Bila latihan seseorang buruk, tenaga sejatinya lemah, atau tidak cukup kuat, maka tenaga sejati itu tak bisa sempurna dan gagal berubah menjadi kekuatan sihir. Akhirnya gagal menembus fondasi."

"Rintangan ketiga adalah kesadaran. Biasanya, kultivator latihan napas hanya memiliki kesadaran batin, yang fungsinya terbatas untuk melihat ke dalam tubuh, membuka kantong penyimpanan, membaca warisan batu giok, dan sebagainya, tapi tak bisa dikeluarkan.

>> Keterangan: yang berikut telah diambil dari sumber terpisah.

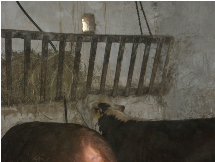
Slika 22. Prikaz hranidbe sjenom u jaslama

Namun, untuk menembus ke tahap fondasi, kesadaran batin itu harus berevolusi menjadi kesadaran fondasi. Dengan begitu, kesadaran bisa dikeluarkan hingga puluhan meter dan kekuatan tempur pun melonjak drastis."

"Untuk sukses menembus fondasi, ketiga rintangan harus dilalui dengan sempurna. Jika tidak, pasti gagal," katanya, lalu menoleh pada Zhou Sui dengan wajah merona.

"Rintangan ketiga adalah yang tersulit, karena untuk memperkuat kesadaran, diperlukan teknik jiwa tingkat tinggi. Namun, teknik seperti itu sangat langka, hanya dimiliki sekte-sekte terkemuka. Keluarga kultivator biasa tak mungkin memilikinya.

Adapun benda-benda untuk memperkuat kesadaran, harganya selangit. Bahkan kultivator fondasi menginginkannya, apalagi baru di tahap latihan napas. Tapi, berkat dual-kultivasi denganmu, kekuatan kesadaranku terus bertambah dan kini telah mencapai tingkat kesadaran fondasi. Sudah bisa dikeluarkan sejauh puluhan meter. Jadi, aku sudah melewati rintangan ketiga."

Ia teringat kembali pengalaman dual-kultivasi dengan sang suami, wajahnya pun kian kemerahan. Kenangan itu sungguh indah dan sulit diungkapkan.

"Benar, aku juga merasakan kesadaranku berkembang sangat cepat. Mungkin setahun lagi aku pun bisa mencapai tingkat kesadaran fondasi, dan saat itu rintangan ketiga bisa kulalui," ujar Mu Ziyan setuju.

Ia pun merasakan hal yang sama, terutama ketika bersatu dengan sang suami, kekuatan kesadaran bertambah jauh lebih cepat daripada mengonsumsi benda apapun untuk memperkuat kesadaran.

Karena itu, dalam waktu singkat ia pun menembus ke tingkat delapan latihan napas.

"Ini…"

Mendengar itu, Xia Jingyan membelalakkan mata indahnya, benar-benar terkejut. Ia tahu dual-kultivasi memang bermanfaat bagi pria maupun wanita, tapi tidak menyangka manfaatnya sebesar itu.

Banyak kultivator latihan napas gagal menembus fondasi justru karena tersandung di rintangan ketiga. Dua rintangan pertama masih bisa diatasi dengan ramuan langka, tapi yang ketiga nyaris mustahil diatasi.

Artinya, jika ia mau dual-kultivasi dengan pria itu, ia pun punya harapan menembus fondasi!

Tapi, jika ia menyerahkan diri pada pria itu, bukankah pria tampan itu akan memiliki tiga wanita sekaligus, memulai kehidupan tiga istri empat selir?

Namun, demi menembus fondasi dan meraih jalan besar, pengorbanan kecil semacam itu mungkin layak dilakukan.

Jantungnya berdegup kencang, pikirannya berkecamuk, seolah-olah mencari seribu satu alasan demi meyakinkan dirinya sendiri.